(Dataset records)
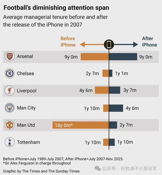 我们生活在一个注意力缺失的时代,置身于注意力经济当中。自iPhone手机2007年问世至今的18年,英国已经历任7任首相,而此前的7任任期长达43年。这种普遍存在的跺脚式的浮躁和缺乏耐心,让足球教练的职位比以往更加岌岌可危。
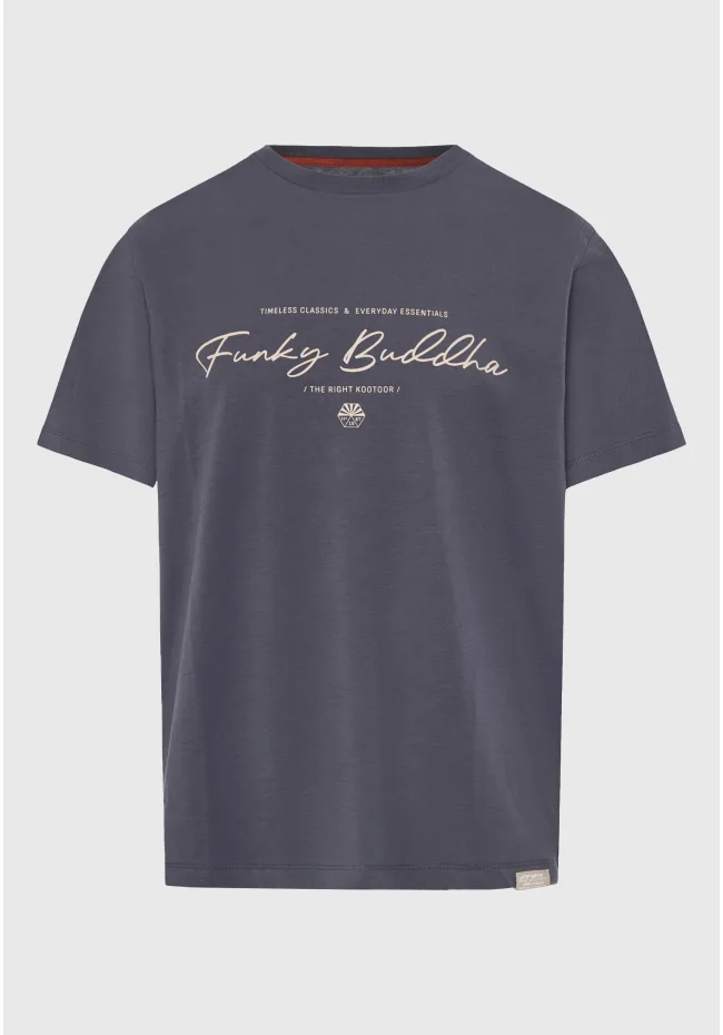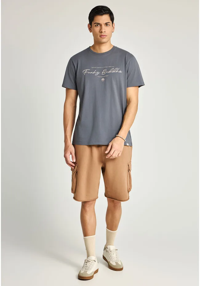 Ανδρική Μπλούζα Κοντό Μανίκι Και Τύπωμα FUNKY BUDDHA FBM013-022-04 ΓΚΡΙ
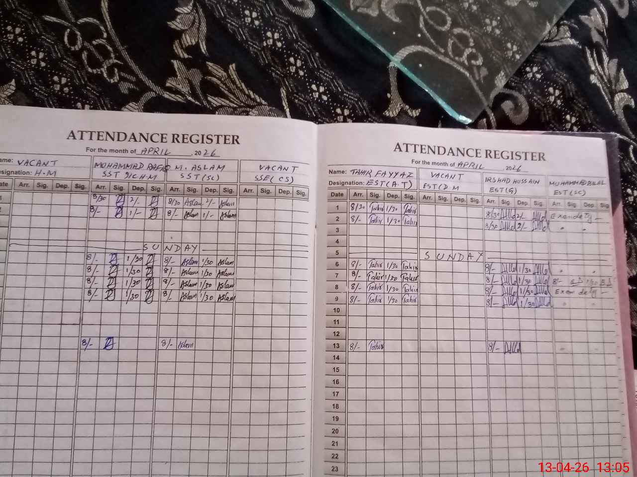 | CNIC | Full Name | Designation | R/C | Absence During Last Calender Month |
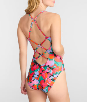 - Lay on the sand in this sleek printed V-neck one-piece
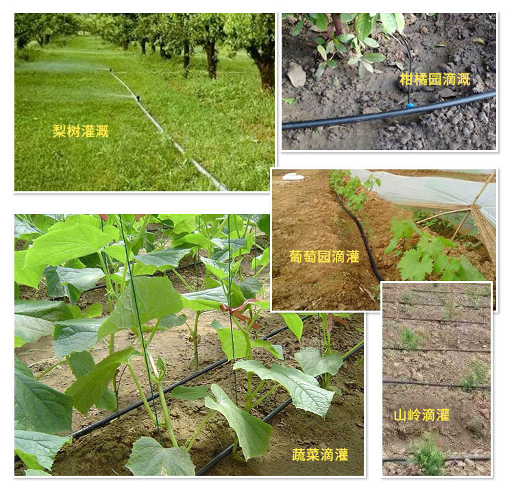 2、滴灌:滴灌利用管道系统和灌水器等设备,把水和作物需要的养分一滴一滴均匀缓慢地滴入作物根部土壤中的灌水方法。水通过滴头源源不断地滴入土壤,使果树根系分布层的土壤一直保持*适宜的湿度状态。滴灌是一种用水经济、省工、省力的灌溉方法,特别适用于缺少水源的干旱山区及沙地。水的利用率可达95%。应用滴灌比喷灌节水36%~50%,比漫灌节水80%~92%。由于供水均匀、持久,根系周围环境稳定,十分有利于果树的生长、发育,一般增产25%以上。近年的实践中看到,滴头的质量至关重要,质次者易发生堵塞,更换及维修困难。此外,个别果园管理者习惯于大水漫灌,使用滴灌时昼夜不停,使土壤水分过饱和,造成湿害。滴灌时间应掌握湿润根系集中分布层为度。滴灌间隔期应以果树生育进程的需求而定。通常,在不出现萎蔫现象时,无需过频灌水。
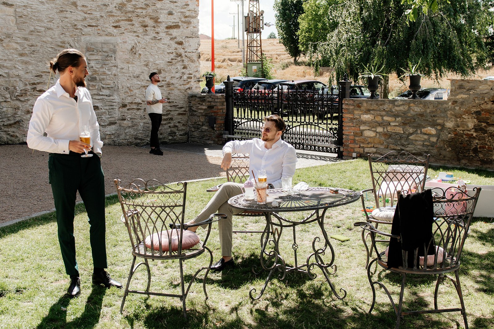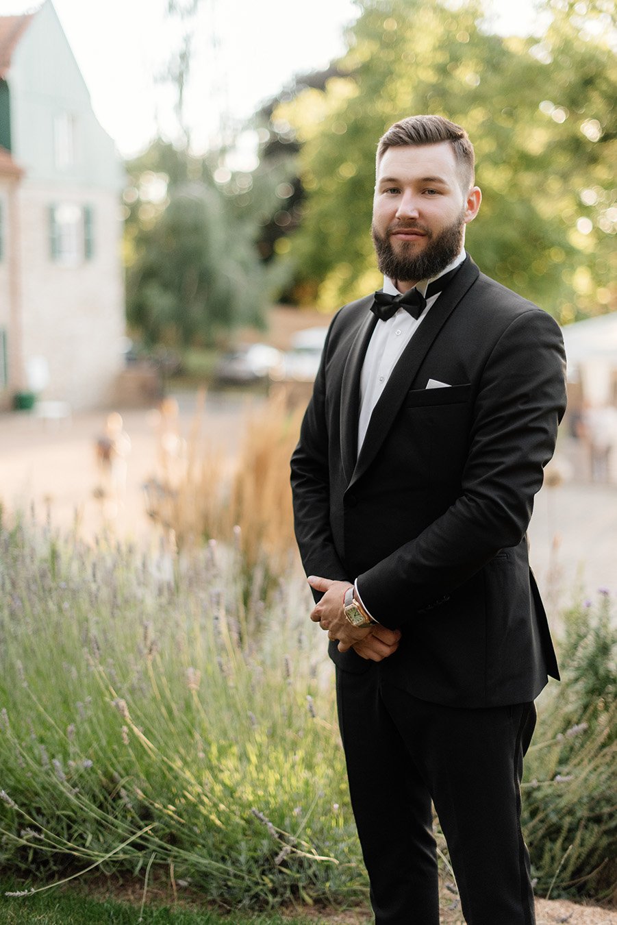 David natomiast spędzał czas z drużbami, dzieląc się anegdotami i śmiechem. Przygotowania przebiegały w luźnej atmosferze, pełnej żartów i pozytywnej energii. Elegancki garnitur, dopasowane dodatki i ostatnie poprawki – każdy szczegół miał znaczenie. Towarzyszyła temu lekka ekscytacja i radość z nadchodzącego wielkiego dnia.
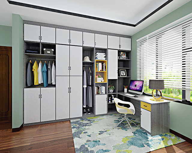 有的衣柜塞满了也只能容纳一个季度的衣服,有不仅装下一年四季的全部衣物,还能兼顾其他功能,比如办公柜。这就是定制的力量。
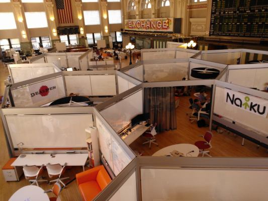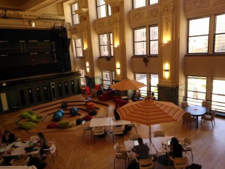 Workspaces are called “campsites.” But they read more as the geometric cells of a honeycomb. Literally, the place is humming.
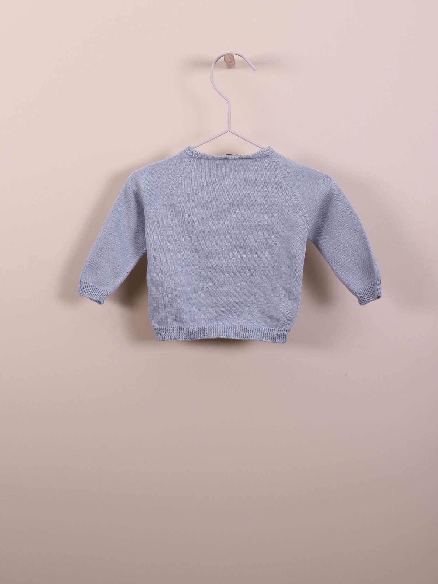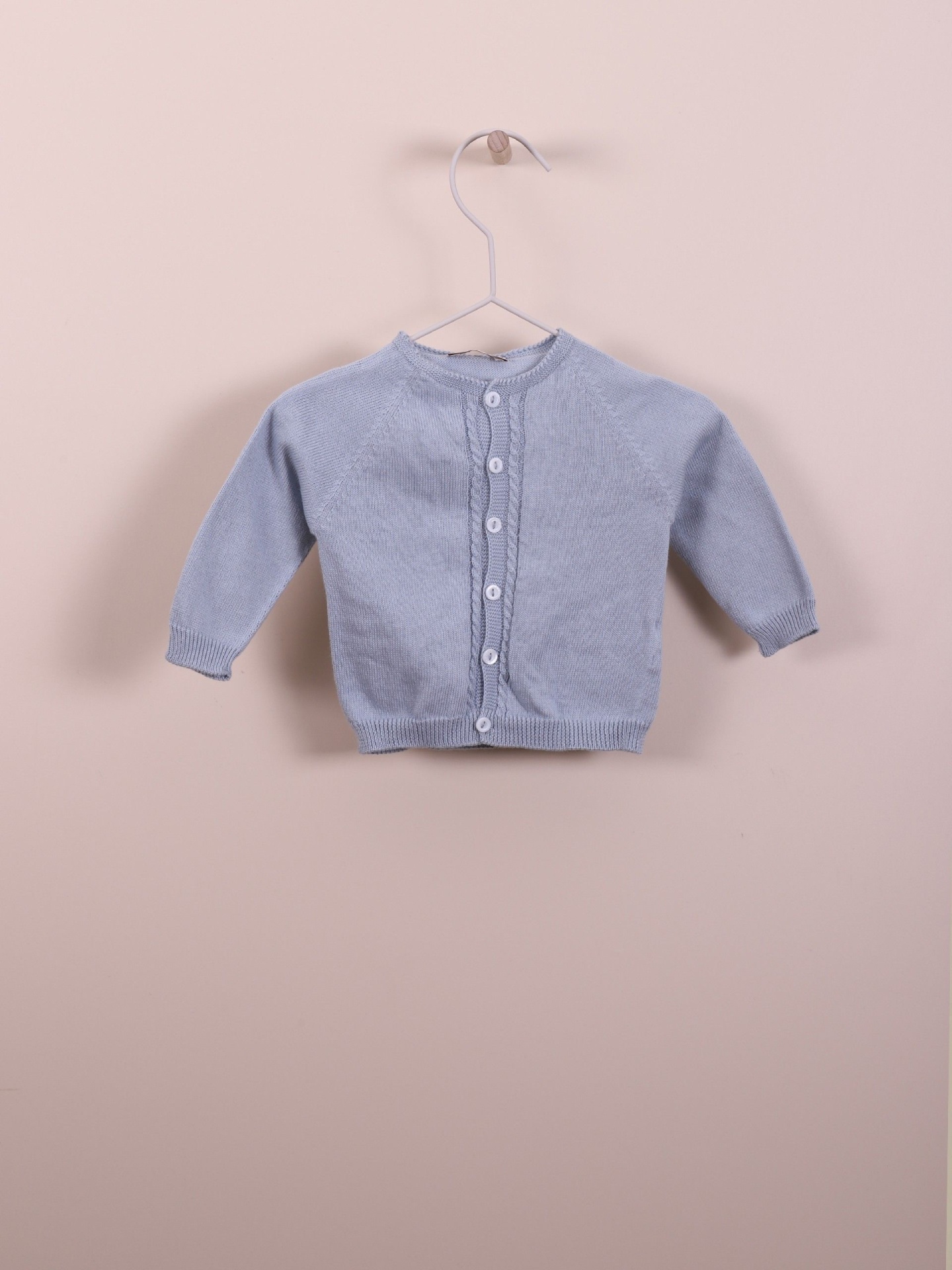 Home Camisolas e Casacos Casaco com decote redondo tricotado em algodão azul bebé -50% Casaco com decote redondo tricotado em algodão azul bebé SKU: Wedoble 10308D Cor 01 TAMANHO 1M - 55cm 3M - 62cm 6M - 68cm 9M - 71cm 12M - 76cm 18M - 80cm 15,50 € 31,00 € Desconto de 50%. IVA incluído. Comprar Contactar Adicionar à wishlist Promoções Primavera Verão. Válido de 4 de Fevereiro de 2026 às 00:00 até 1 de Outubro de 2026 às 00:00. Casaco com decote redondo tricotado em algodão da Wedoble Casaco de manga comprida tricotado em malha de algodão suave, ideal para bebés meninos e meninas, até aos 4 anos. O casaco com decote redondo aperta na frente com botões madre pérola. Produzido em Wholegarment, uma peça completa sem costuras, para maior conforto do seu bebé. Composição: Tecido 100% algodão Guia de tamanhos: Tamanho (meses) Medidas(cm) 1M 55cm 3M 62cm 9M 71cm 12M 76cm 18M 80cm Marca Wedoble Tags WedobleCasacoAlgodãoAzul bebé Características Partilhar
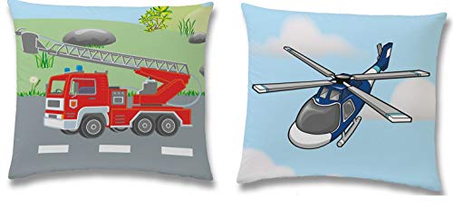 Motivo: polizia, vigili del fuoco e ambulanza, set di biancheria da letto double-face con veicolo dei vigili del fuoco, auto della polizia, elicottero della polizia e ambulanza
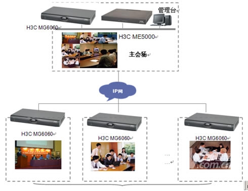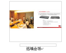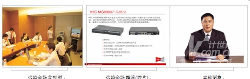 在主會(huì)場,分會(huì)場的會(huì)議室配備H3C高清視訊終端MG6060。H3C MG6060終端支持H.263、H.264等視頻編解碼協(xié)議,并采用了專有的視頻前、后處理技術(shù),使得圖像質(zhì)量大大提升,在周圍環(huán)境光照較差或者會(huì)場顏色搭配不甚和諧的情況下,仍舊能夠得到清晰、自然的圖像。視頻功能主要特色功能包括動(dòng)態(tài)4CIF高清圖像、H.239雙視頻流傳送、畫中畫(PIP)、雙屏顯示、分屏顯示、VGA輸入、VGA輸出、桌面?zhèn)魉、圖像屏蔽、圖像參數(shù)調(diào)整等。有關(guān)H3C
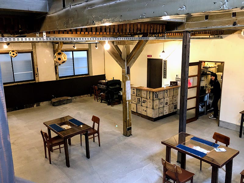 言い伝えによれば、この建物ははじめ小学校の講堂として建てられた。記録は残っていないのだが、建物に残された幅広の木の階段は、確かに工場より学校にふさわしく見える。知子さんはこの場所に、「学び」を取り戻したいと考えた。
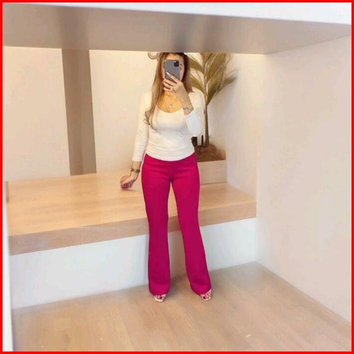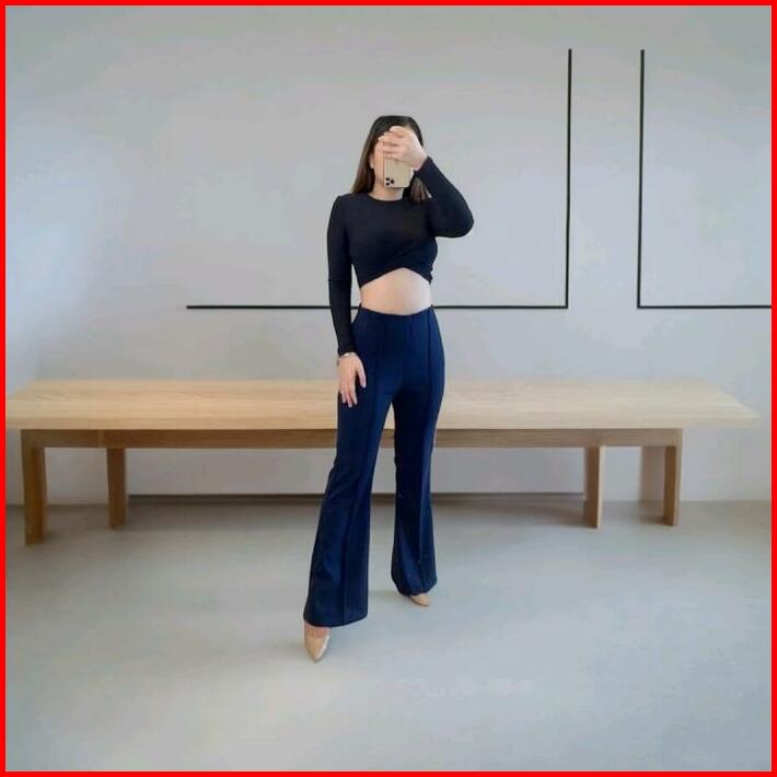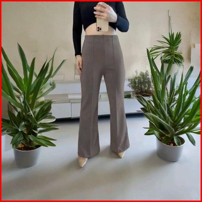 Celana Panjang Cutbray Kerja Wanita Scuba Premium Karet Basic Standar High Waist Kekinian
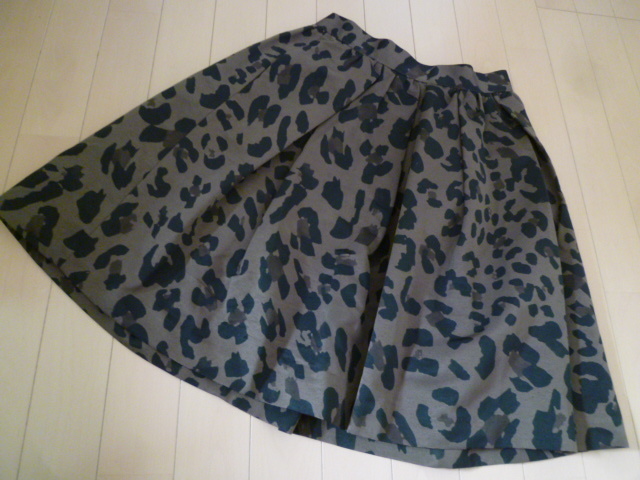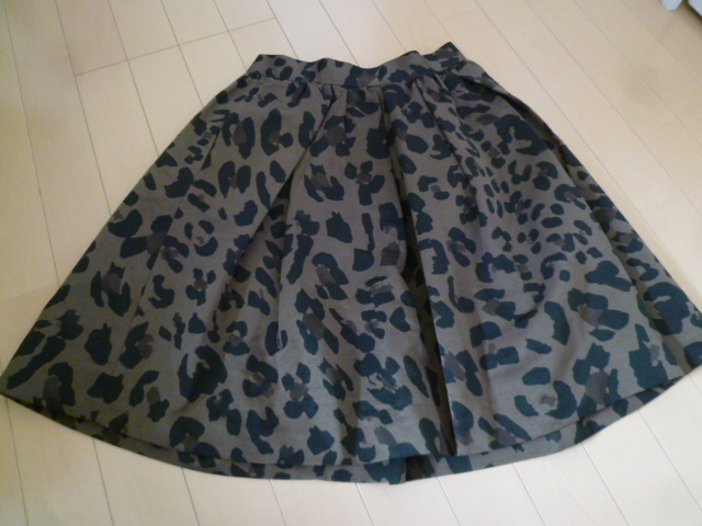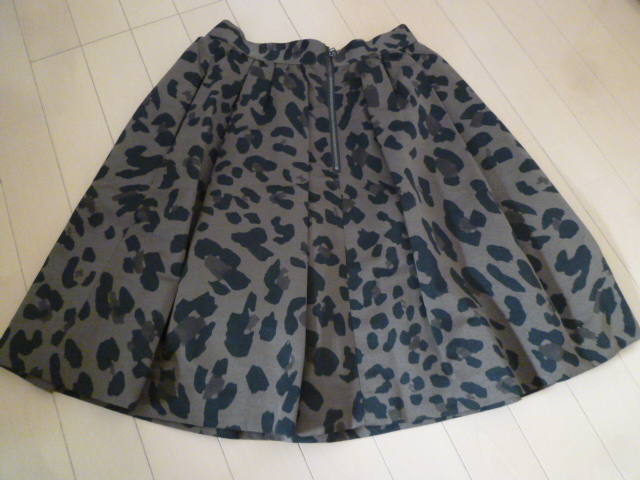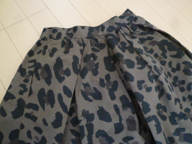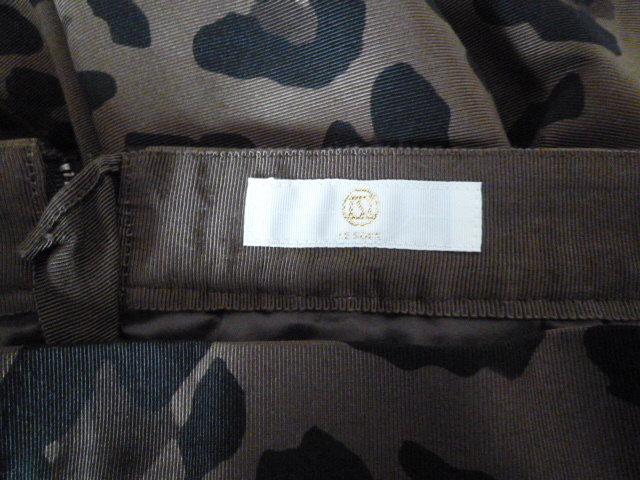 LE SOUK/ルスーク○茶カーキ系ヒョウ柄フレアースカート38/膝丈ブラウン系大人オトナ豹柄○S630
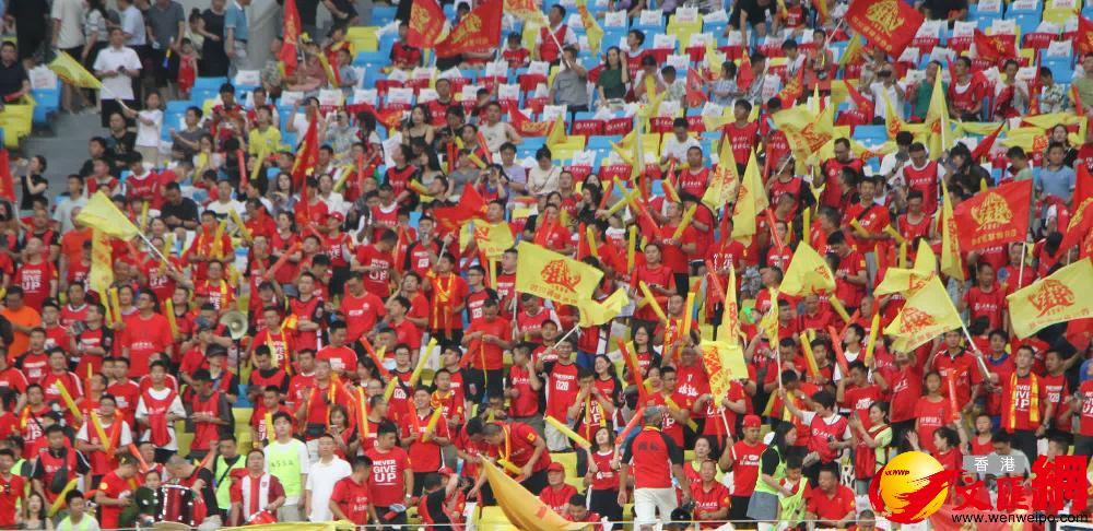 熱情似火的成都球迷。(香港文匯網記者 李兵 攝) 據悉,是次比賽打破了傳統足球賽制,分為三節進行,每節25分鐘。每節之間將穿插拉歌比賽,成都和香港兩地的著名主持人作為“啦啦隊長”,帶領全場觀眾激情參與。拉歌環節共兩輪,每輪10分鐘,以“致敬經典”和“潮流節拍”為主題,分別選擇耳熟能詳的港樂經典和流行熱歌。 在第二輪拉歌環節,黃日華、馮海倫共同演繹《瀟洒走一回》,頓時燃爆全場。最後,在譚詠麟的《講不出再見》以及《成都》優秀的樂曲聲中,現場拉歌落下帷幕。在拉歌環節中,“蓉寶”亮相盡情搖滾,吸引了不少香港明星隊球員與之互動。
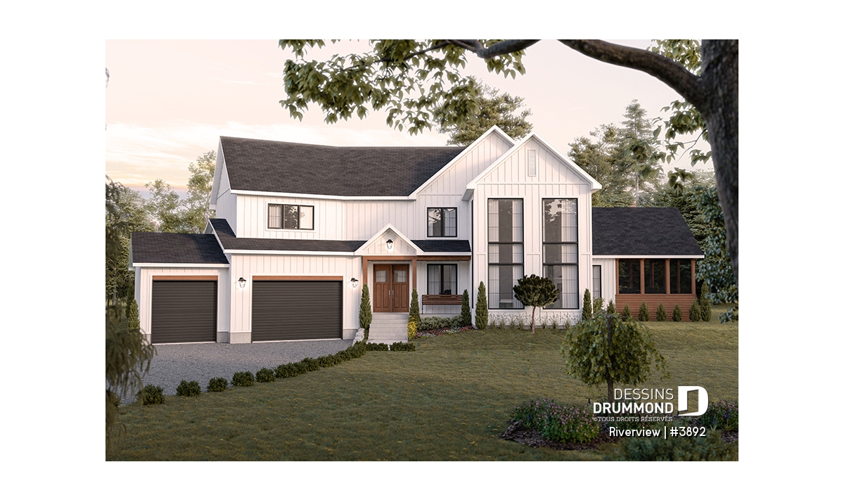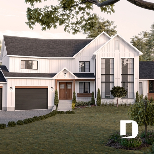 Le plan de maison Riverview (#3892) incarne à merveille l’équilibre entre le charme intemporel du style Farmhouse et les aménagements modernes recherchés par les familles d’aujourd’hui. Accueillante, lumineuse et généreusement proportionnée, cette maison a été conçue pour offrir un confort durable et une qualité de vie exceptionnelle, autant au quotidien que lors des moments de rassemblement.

ABOUT THIS TASK: The line containing "- Lay on the" marks where the copy ends; print every line before it from the start of the records, and that line too, but no pictures.

ANSWER TO THIS PROBLEM:
 我们生活在一个注意力缺失的时代,置身于注意力经济当中。自iPhone手机2007年问世至今的18年,英国已经历任7任首相,而此前的7任任期长达43年。这种普遍存在的跺脚式的浮躁和缺乏耐心,让足球教练的职位比以往更加岌岌可危。
 Ανδρική Μπλούζα Κοντό Μανίκι Και Τύπωμα FUNKY BUDDHA FBM013-022-04 ΓΚΡΙ
 | CNIC | Full Name | Designation | R/C | Absence During Last Calender Month |
 - Lay on the sand in this sleek printed V-neck one-piece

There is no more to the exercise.